Status: texture_decodes stays 0 on Sylpheed because all 6 live shaders are flat
(no tfetch); canary's textured logo shaders E59B2B3D/F7B1457 are not yet
dispatched by ours (a downstream title-state gate, the next frontier). The full
P5 decode→publish→upload→sample path is already wired; this makes the decode
side key off the real shader instead of a guess.
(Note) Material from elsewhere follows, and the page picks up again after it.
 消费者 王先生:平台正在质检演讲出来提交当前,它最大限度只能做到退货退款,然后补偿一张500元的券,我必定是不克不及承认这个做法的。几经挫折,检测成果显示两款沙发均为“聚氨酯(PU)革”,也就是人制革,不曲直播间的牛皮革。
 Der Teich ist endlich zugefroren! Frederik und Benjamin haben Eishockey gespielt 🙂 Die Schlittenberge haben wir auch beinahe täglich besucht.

Validation: stable-digest golden sylpheed_n50m unchanged (draws=718 swaps=147
tex=0), regenerated twice byte-identical; 200M run shows 0 RectangleList
rejections. cargo test --workspace green (677, +2: rectangle_list_expansion,
tfetch_slots_extracts_texture_fetch_constants). No temp hooks. Branch only;
not pushed/merged.

Co-Authored-By: Claude Opus 4.8 (1M context) <noreply@anthropic.com>
This commit is contained in:
MechaCat02
2026-06-14 21:34:43 +02:00
parent a91f4c550b
commit 2f55d1fd7d
4 changed files with 238 additions and 37 deletions

View File

@@ -78,6 +78,30 @@ pub fn physical_to_backing(addr: u32) -> u32 {
}
}
/// Max guest page-version over the `[base, base+len)` span, walking 4 KiB
/// pages via the `MemoryAccess` trait's `page_version`.
///
/// The concrete heap exposes an inherent `max_page_version(base, len)`, but
/// the draw handler only holds `&dyn MemoryAccess` (which carries the coarser
/// `page_version(addr)` accessor). This is byte-equivalent to
/// `heap::max_page_version` and stays a pure function of the per-page write
/// counters (no wall-clock), so texture-decode timing remains deterministic.
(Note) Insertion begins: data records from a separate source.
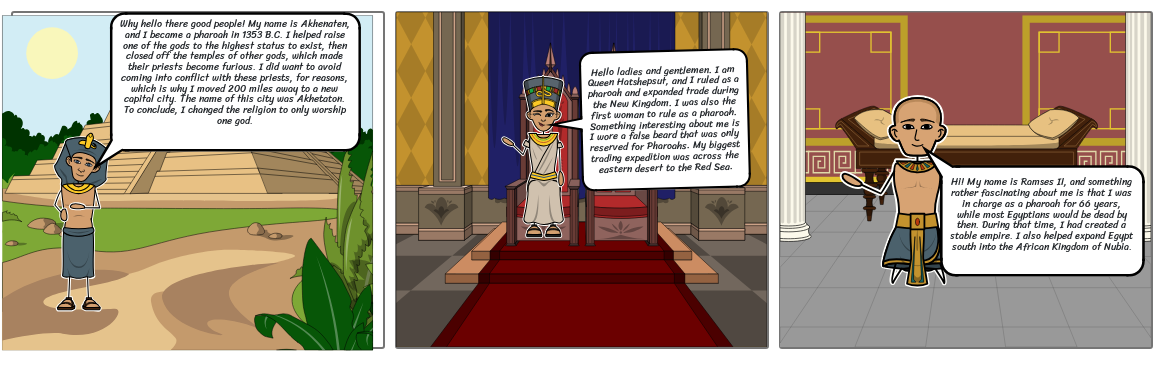 Hello ladies and gentlemen. I am Queen Hatshepsut, and I ruled as a pharoah and expanded trade during the New Kingdom. I was also the first woman to rule as a pharoah. Something interesting about me is I wore a false beard that was only reserved for Pharoahs. My biggest trading expedition was across the eastern desert to the Red Sea.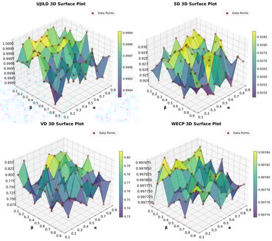 Under these conditions, the feature subset effectively retains highly informative features while suppressing redundancy. The surface plot exhibits a distinct peak at  = 0.5 and  = 0.2, demonstrating the synergistic effect of the mRMR criterion and the dimensionality reduction penalty. Conversely, when  > 0.7 or  > 0.5,  sharply declines, indicating that overemphasizing relevance or dimensionality reduction leads to information loss. These results confirm the sensitivity of parameter selection and provide quantitative guidance for parameter tuning in practical applications.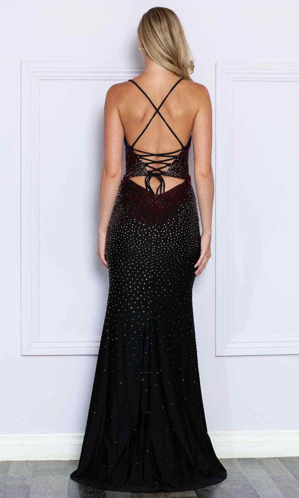 Make a statement with this Poly USA 9272 creation. A beautiful glimmer of color and texture permeates this sleeveless dress, which is adorned completely in diagonal multicolored beadings. It features a low v-neckline, natural waist and spaghetti straps. The open back adds an unexpected twist with its cutout design and crisscross lace-up closure. The skirt elegantly drapes to the floor and sweeping train, creating a fitted sheath silhouette. The Poly USA 9272 masterpiece is ideal for enjoying a night filled with dancing. Model is wearing Black/Multi color.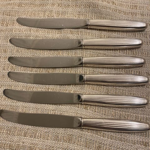 SOM NYTT. STEKESETT Kniv 28 cm Gaffel 25 cm kr 1600. 12 Kniver langt skaft 20,5 cm. kr 450 pr. stk. 10 kniver 21 cm kr 450 pr. stk 6 Store kniver 23,5 cm kr 500 pr. stk. Deler opp. Sender

fn span_max_version(mem: &dyn MemoryAccess, base: u32, len: u32) -> u64 {
const PAGE: u32 = 0x1000;
let last = base.saturating_add(len.saturating_sub(1));
let mut page = base & !(PAGE - 1);
let last_page = last & !(PAGE - 1);
let mut max = 0u64;
loop {
max = max.max(mem.page_version(page));
if page >= last_page {
break;
}
page = page.wrapping_add(PAGE);
}
max
}
/// Cached Xenos microcode blob, produced by `PM4_IM_LOAD*` packets.
#[derive(Debug, Clone)]
pub struct ShaderBlob {
@@ -400,6 +424,12 @@ pub struct GpuSystem {
/// on every texture-fetch resolution; the UI thread sees the decoded
/// bytes via `UiBridge::publish_texture`.
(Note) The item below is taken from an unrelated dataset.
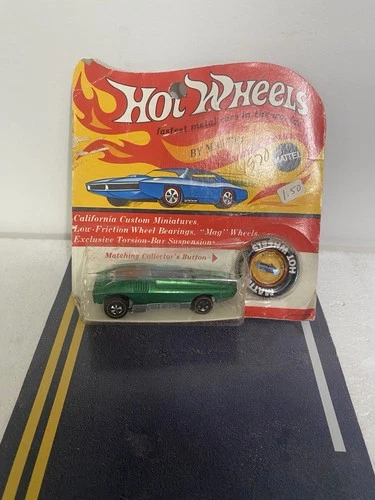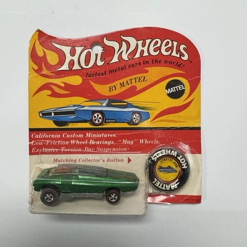 | 1968 Hot Wheels Redline Whip Creamer Green Sweet 16 Carded w/ Collector Button Sold $440.00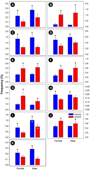 The relative abundance of select archaea and bacterial families (phylum-family names presented) in the cecal digesta of 35-day-old female and male broilers fed a diet supplemented with canola meal (20%) or a control diet. (A) Archaea-Methanobacteriaceae. (B) Archaea-Methanocorpusculaceae. (C) Actinobacteria-Atopobiaceae. (D) Bacteroidetes-Prevotellaceae. (E) Bacteroidetes-Bacteroidales D4 uncultured. (F) Firmicutes-Christensenellaceae. (G) Firmicutes-Clostridiales vadin BB60 group. (H) Firmicutes-Clostridiales D4 Family XIII. (I) Firmicutes-Peptostreptococcaceae. (J) Proteobacteria-Desulfovibrionaceae. (K) Proteobacteria-Succinivibrionaceae. The first name is the phylum and second name the family. Vertical lines that are associated with histogram bars are standard error of the means, and histogram bars indicated with a black asterisk indicate that abundances differed (p ≤ 0.047) between the two diet treatments. Bars marked with white asterisks indicate that abundances differed (p ≤ 0.050) between male and female broilers.

pub texture_cache: crate::texture_cache::TextureCache,
/// P5b: textures decoded at the most recent `PM4_DRAW_INDX*`, keyed off
/// the *active* pixel shader's real `tfetch` fetch-constant slots (not a
/// hardcoded slot). `vd_swap` publishes the first of these to the UI so
/// the replay binds the texture the draw actually samples. Cleared and
/// repopulated each draw; empty when the active PS issues no `tfetch`.
pub last_draw_textures: Vec<(crate::texture_cache::TextureKey, Vec<u8>)>,
/// 10 MiB shadow of the Xenos EDRAM. Written by clear-resolves and
/// (future) host-render-target readback; read by the resolve byte-copy
/// path that writes tiled pixels into guest memory. Allocated once at
@@ -431,6 +461,7 @@ impl GpuSystem {
rt_cache: crate::render_target_cache::RenderTargetCache::new(),
last_resolve: None,
texture_cache: crate::texture_cache::TextureCache::new(),
last_draw_textures: Vec::new(),
edram: crate::edram::ShadowEdram::new(),
}
}
@@ -1265,6 +1296,60 @@ impl GpuSystem {
);
self.last_draw = Some(ds);
self.last_primitive = Some(processed);
// P5b: decode the textures the *active pixel shader* actually
// samples. Parse the bound PS, collect its `tfetch`
// fetch-constant slots, read each 6-dword fetch constant from
// the register file, and decode+cache it. `vd_swap` publishes
// the result. Empty for flat (no-tfetch) shaders — the
// dominant case on Sylpheed's current splash, where this stays
// inert until the textured logo draw is reached.
self.last_draw_textures.clear();
if let Some(ps_key) = self.active_ps_key {
// Collect slots under an immutable borrow of `shader_blobs`,
// then drop it before mutating `texture_cache`.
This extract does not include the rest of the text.